Landscape variables The negative effect shown by Savanna and inundated savanna was highly unexpected. This effect is most likely shown due to the method of this analysis. Within the 2-km radius of the buffalo the surface area of each different variable always added up to the same amount. When one type of surface area decreased, the others would increase. The variables were therefor not independent from one another. The buffalo were observed at a single moment in time. As the buffalo moved around constantly, it is impossible to know where in the home range the buffalo stood. This could have been near the edge of the home range or in the middle of it. Buffalo seemed to be less present in areas that contained a large source of water. Because it was the wet season with high rainfall the buffalo did not need to go near large water sources to drink. Flooded areas of savanna and forest provided the buffaloes with sufficient drinking water. The buffalo never strayed far from the edge of the forest. The forest provides a form of safety from hunters. Villages seem to be avoided by buffalo, however it is also possible that most buffalo near villages have been hunted and therefore could not be found. There were also no signs of buffalo presence near the villages. However there have been found some tracks on the shell terminal outside of the circuits.

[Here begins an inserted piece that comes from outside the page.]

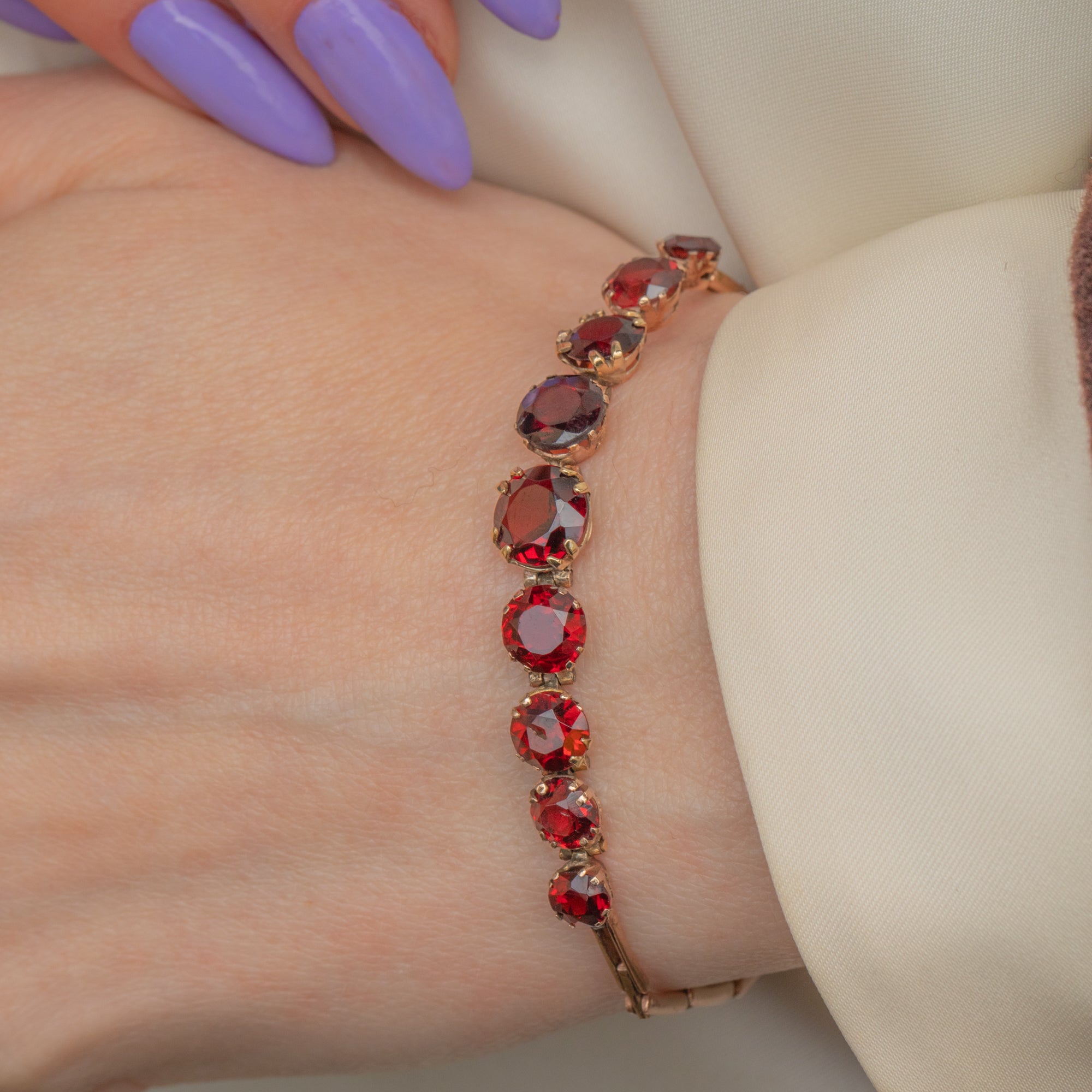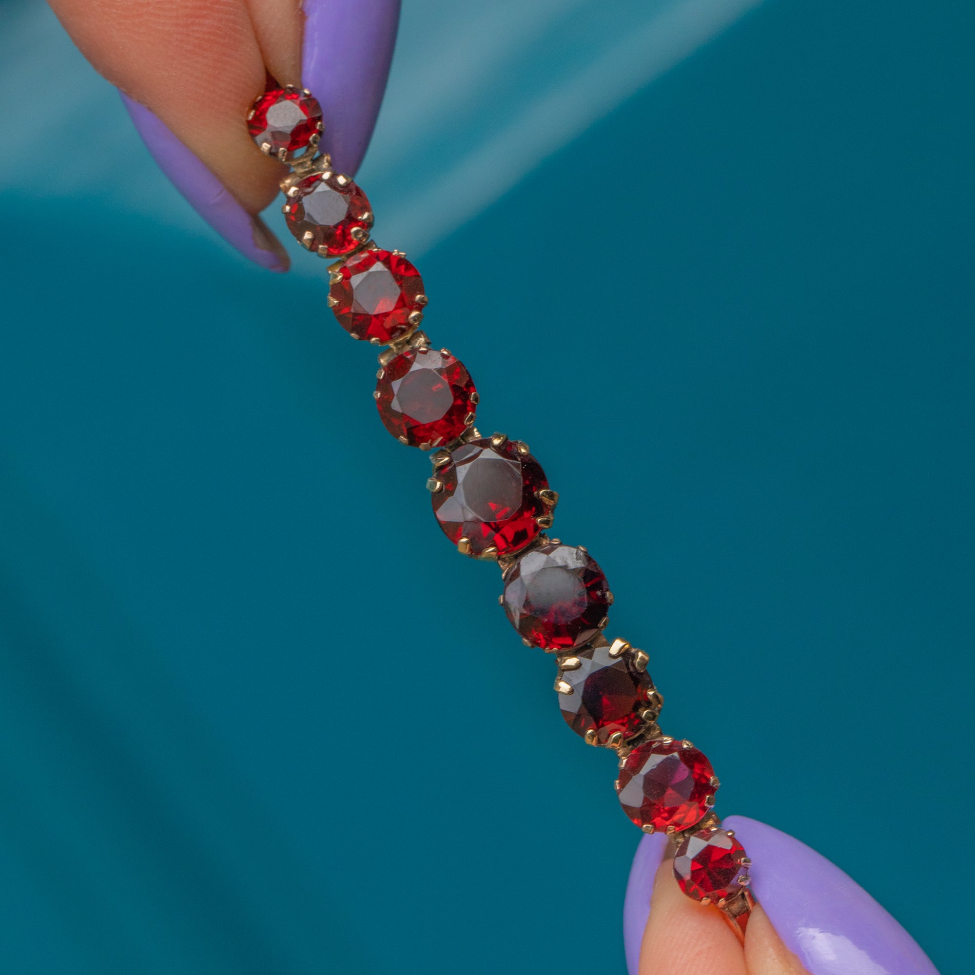 Crafted from rosy-hued 9ct Gold, this Edwardian bracelet flaunts nine rich graduating sanguine Garnets, boasting 8.20 carats combined. Each round Garnet is faceted beautifully, catching the light to reveal vibrant crimson hues.

Observation method Both transects and camera trapping seemed to have a very low effectiveness on capturing buffaloes. The circuits performed by car improved the chance of observing buffaloes. However, the noise created by the car probably warned buffaloes of our presence before we could see them. Preventing them from leaving the safety of the forest or by fleeing into the forest. This created an underestimation of the population size. Also, due to the two-week interval the buffaloes might have been on one of the other plains and this also added to the underestimation of the population size. This is represented in the nine out of ten chance to observe a buffalo more than once. Pictures were taken hastily and the quality was not good enough to observe sufficient details for the individual identification. Only a small number of individuals were identified and since and the observation of groups has been compromised out of group identification. Some buffalo moved between sub-groups. The measurements done with the compass and rangefinder were not very precise. The rangefinder had a range of 500m. Most buffaloes were observed outside of an 500m range and fled during the approach. To get an exact measurement the buffaloes needed to either stand still within the range, or measurements needed to be taken after the buffalo had disappeared. Camera trapping is supposedly the best method to observe animals and to calculate abundance and species richness (Silveira et al. 2003). During my experiment, I had a small number of cameras and these were placed at places with a lot of buffalo activity and/or signs. However, the number of buffaloes captured by this method was very small. Buffaloes had a lot of different paths to enter the plains from the forest edge. With the number of cameras that I had, this method was very ineffective.

Sampling design. The sampling period of my research was quite small. The actual observation took 9 weeks and within this time 125 buffaloes were observed. To gain sufficient insight on the buffalo population of the area the sampling period should be a lot larger, up to two years. Since buffalo divide into sub-groups, each buffalo needs to be observed at least 4 times to gain sufficient insight in its group dynamics (Korte 2008b). Time was very limited due the combination with another project. Each week a single circuit was observed, whilst it would have been better to randomize the order of circuits throughout the study to prevent a pattern for the buffalo. Eventually, the pattern did not seem to have an effect as the number of observations in week one, two and three of circuit 2 were comparable. Circuit 3 had no direct observations at all. Only circuit 1 had a decrease in the number of observations.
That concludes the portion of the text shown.